505 So.2d 993 (1987)

Edward C. AUCOIN, Sr., Plaintiff-Appellant,
v.
STATE FARM MUTUAL AUTOMOBILE INSURANCE COMPANY and Karl Caswell, Defendants-Appellees.

No. 86-369.

Court of Appeal of Louisiana, Third Circuit.

April 8, 1987.
Rehearing Denied April 29, 1987.

*994 Steven Beverung, Lake Charles, for plaintiff-appellant.

Stockwell and Assoc., Bernard H. McLaughlin, Jr., Lake Charles, for defendants-appellees.

Before DOMENGEAUX, GUIDRY and STOKER, JJ.

STOKER, Judge.

This is an action for personal injuries, arising out of an automobile accident, instituted *995 by plaintiff, Edward C. Aucoin, Sr. (Aucoin), against Karl Caswell (Caswell), and his insurer, State Farm Mutual Automobile Insurance Company (State Farm). After a trial on the merits, the jury returned a verdict finding Aucoin and Caswell to be equally at fault in causing the accident and awarding Aucoin the sum of $100 for his special and general damages. This jury verdict was made the judgment of the trial court. It is this judgment which the plaintiff has appealed.
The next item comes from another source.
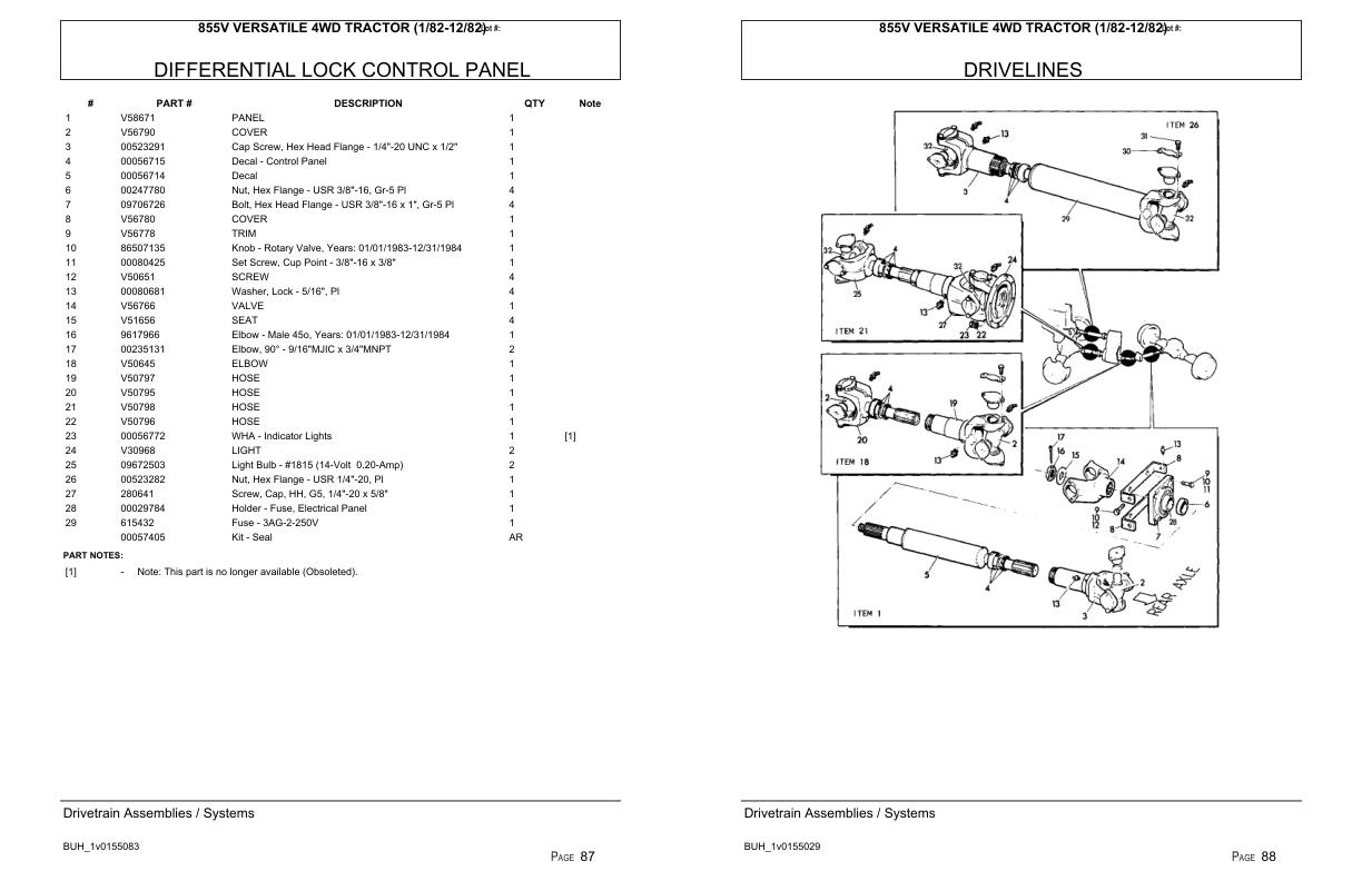 Versatile Tractor 855V 4WD Parts Catalog 1982

The issues presented by the plaintiff for review are:

(1) Whether the trial court erred as a matter of law and fact in finding plaintiff to be 50% at fault in causing the accident; and
(2) Whether the award of $100 for special and general damages was so grossly inadequate as to constitute an abuse of the "much discretion" of the trier of fact.

We reverse the judgment in part, amend in part, and affirm the judgment as amended.

FACTS

On January 6, 1984, at approximately 10:30 A.M., Aucoin and Caswell were involved in an automobile accident at the intersection of Bunker Hill Road and Birdnest Road in Calcasieu Parish. The two roads form a "T" intersection. Bunker Hill Road runs in a north-south direction. Birdnest Road runs in an east-west direction until it reaches Bunker Hill Road on its east side. Birdnest does not continue west from the intersection. However, a name change takes place at the "T" intersection, and north of the intersection, what would ordinarily be a continuation of Bunker Hill Road, is designated as Birdnest Road. Regardless of the name change, the physical arrangement is simply that of an east-west road which ends at the "T" junction with a continuous north-south road.
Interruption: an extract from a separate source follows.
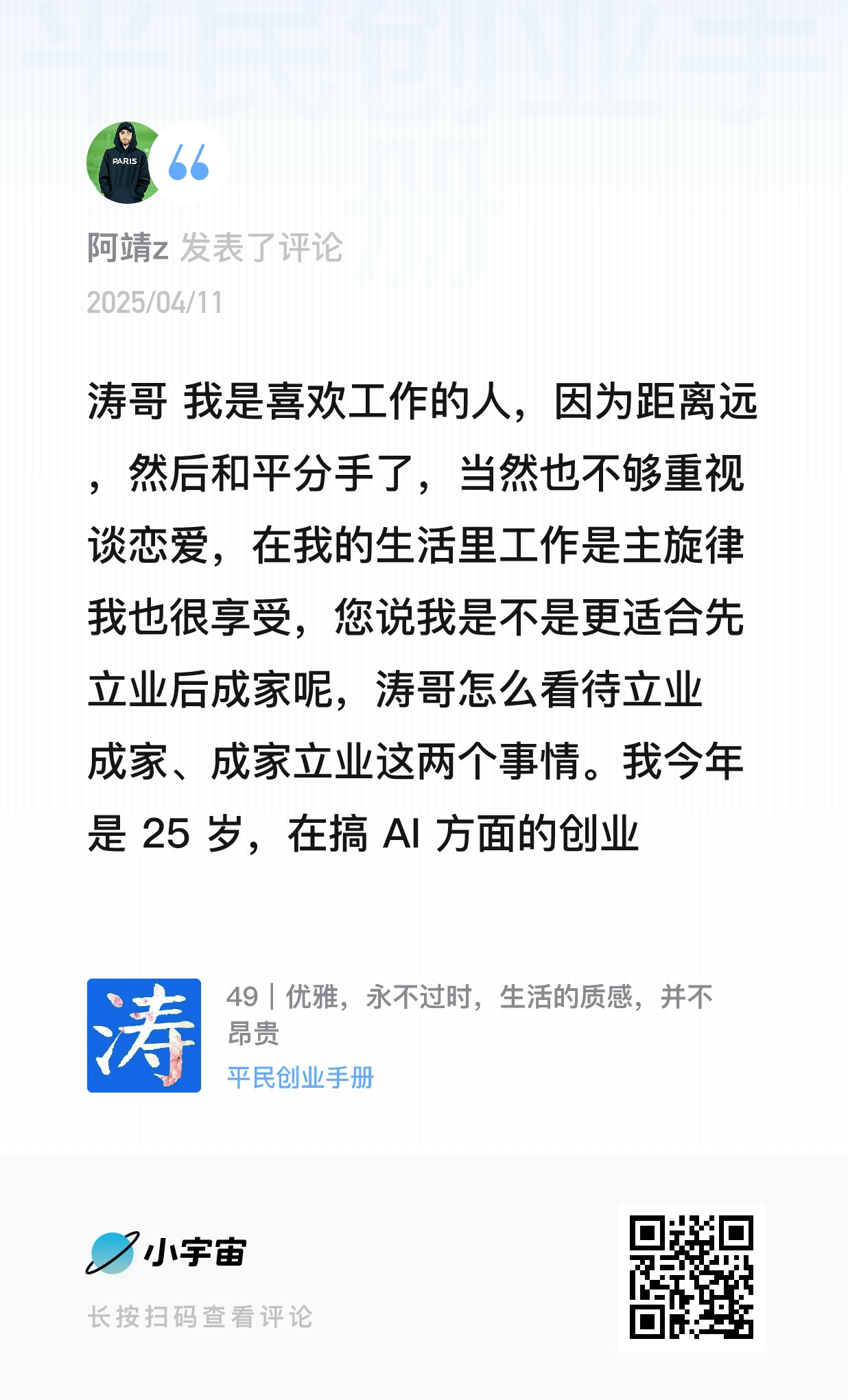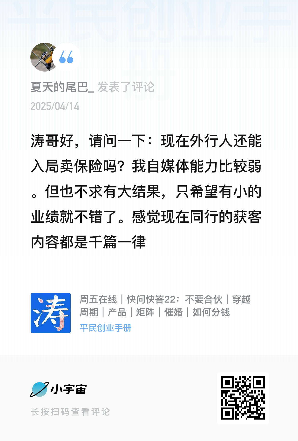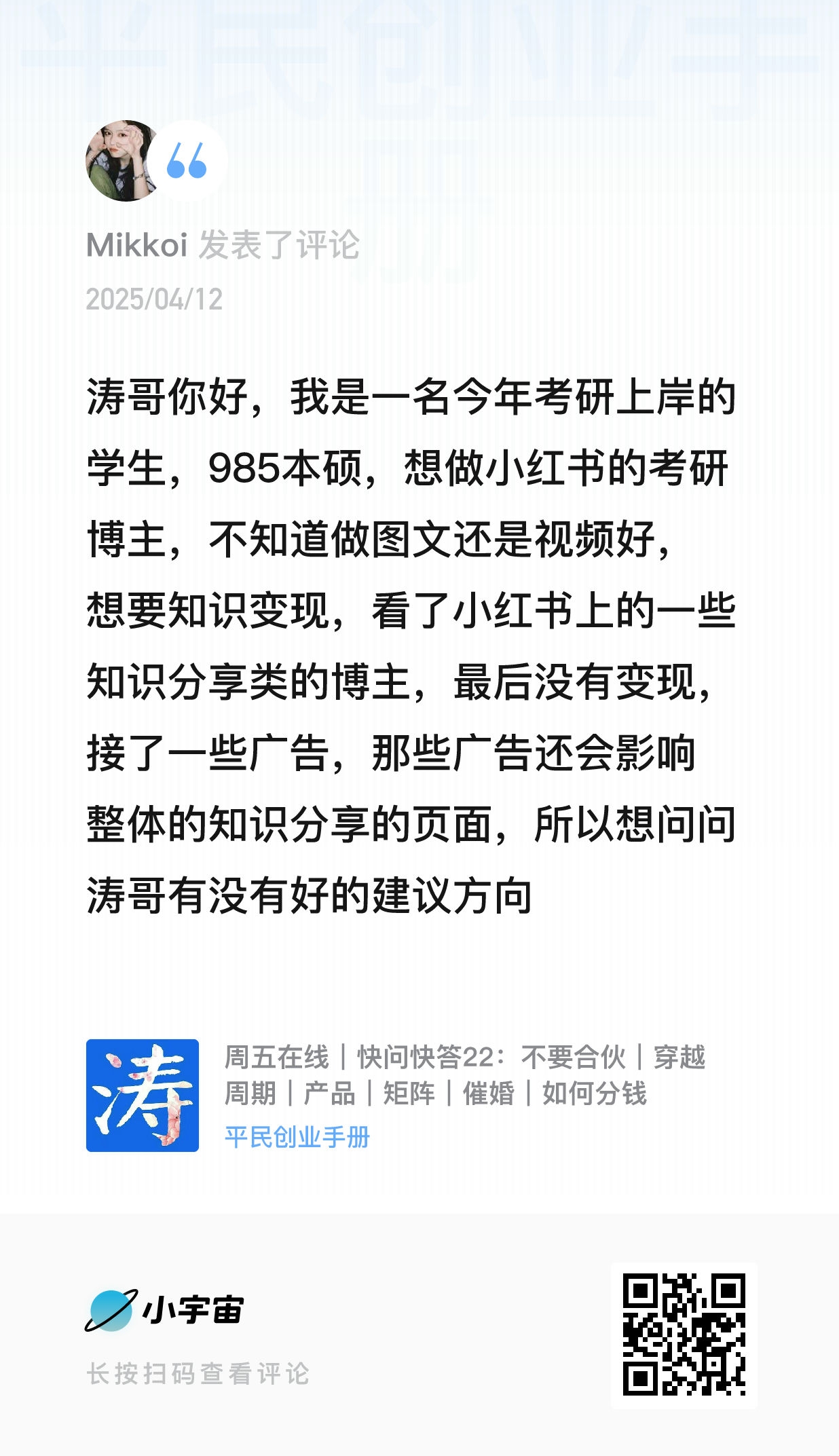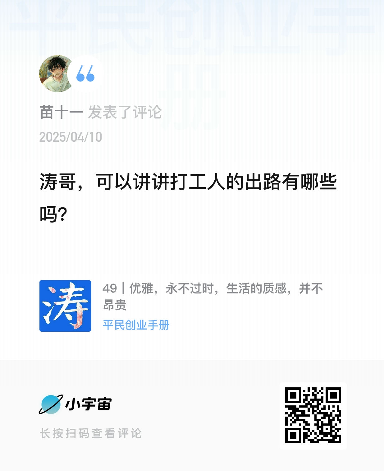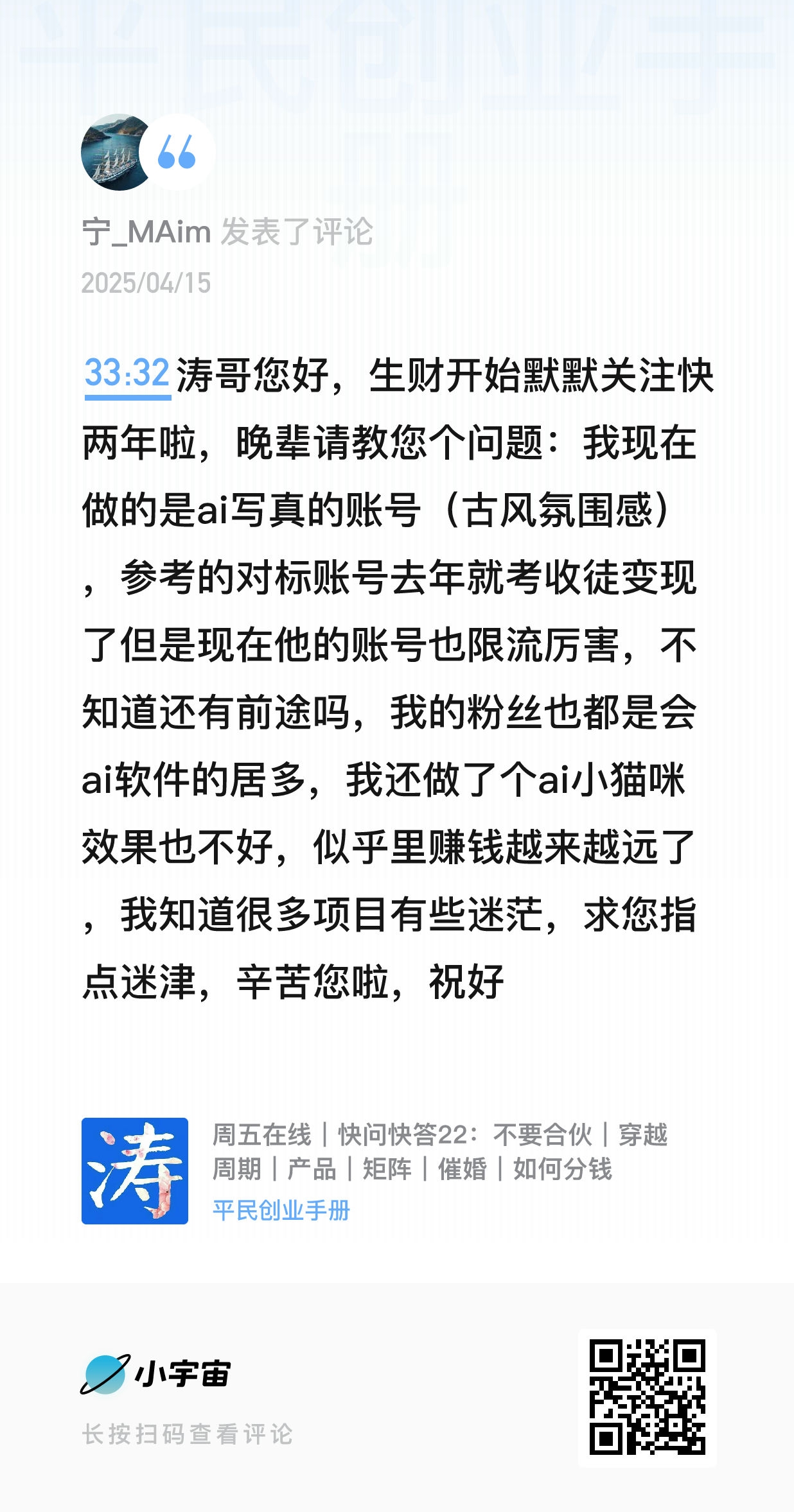 我的微信:xuejieyou6,欢迎撩我,我在「屋里涛说」等你,来星球《平民创业手册》有问必答,

Caswell was traveling south on the north-south road and intended to make a left (east) turn into the east-west road. Aucoin was traveling west on the east-west road and intended to turn right (north) into the north-south road. There is a stop sign facing the traffic traveling west on the east-west road, the north-south traffic being favored. The accident occurred in the right lane of the east-west road just past the stop sign. Caswell, attempting to turn left at the intersection, cut the corner too sharp and collided head-on with Aucoin who was preparing to turn right, i.e., north, into the north-south road. Caswell's vehicle suffered moderate damage, but Aucoin's was more heavily damaged. Caswell was issued a traffic citation for his action.

After the accident Aucoin was seen by a doctor in the emergency room of Lake Charles Memorial Hospital. Medications were prescribed and he was released to return home. Aucoin injured his right knee and left shoulder in the accident.

DID THE TRIAL COURT ERR IN FINDING PLAINTIFF TO BE 50% AT FAULT?

The jury determined that Aucoin and Caswell were equally at fault in causing this accident. The verdict form does not state the factual or legal basis that the jury relied on in reaching its conclusion. While the findings of the jury are to be accorded great weight, we find in this case that the jury's determination with respect to the cause of the accident is clearly wrong.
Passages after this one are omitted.